Friday, November 28, 2014

Rethinking Overconsumption and Reflexive Consumerism

We buy far more than we need, this is not just about wasted affluence this is about moral turpitude and civilization ending environmental destruction.

We need to understand that everything we buy has an environmental cost. This footprint includes the energy and resources used to manufacture it and the emissions associated with shipping. We live in a throwaway culture where most of what we buy ends up in the trash. However, when we dispose of something, we are adding yet another insult to the Earth.
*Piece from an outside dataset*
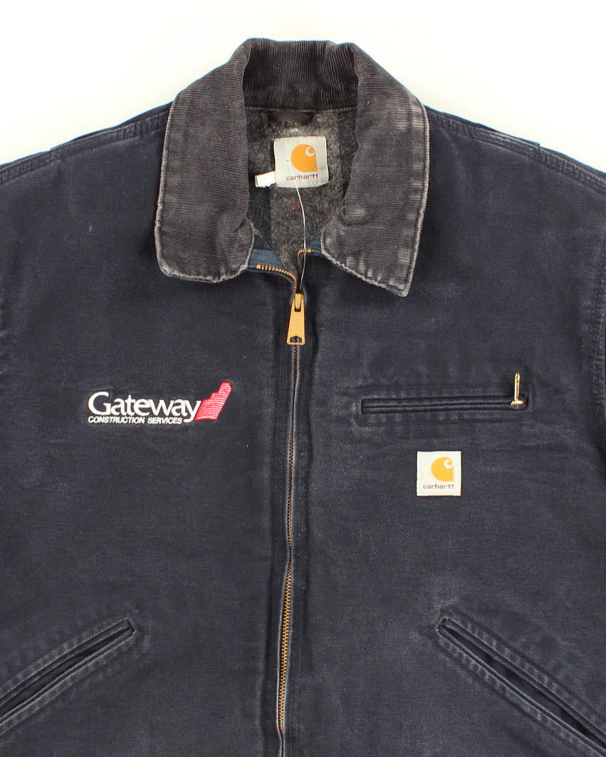 Vintage Carhartt Fleece Lined Navy Work Wear Jacket - L

Our garbage gets transported to landfills where it contaminates the soil, leeches into the water table and generates more climate change causing greenhouse gas emissions.

If we look at what we buy and where it ultimately ends up we are forced to acknowledge that our current trajectory is not only unsustainable it is insane. In the context of global poverty and famine, the waste generated at Thanksgiving and throughout the year is unconscionable.

This is about far more than being irresponsible, our reckless indulgence jeopardizes our children's futures. Our levels of consumption far exceed the carrying capacity of the Earth. Unless we change our patterns of consumption and the underlying culture of consumerism, we will fall over a precipice from which we may not be able to recover.

Research bears out what we already know-- we have far more than we need. A 2012 UCLA study of 32 middle-class families in Los Angeles found that 75 percent of garages contained between 300 to 650 boxes. These garages were so full that there was no room to park the car. Garages are just the tip of the iceberg, the average house has 438 books and magazines, 139 toys and 39 pairs of shoes.

We need to rethink the marketing frenzy that causes us to reflexively consume. We should question the messages that purport to tell us what we need. We need to stop and think rather than buy into the collective hysteria of rampant consumerism. Independent of what marketers tell us, the question that we need to ask before we make any purchase is, "do we really need it?" In most instances the answer is no, we really don't.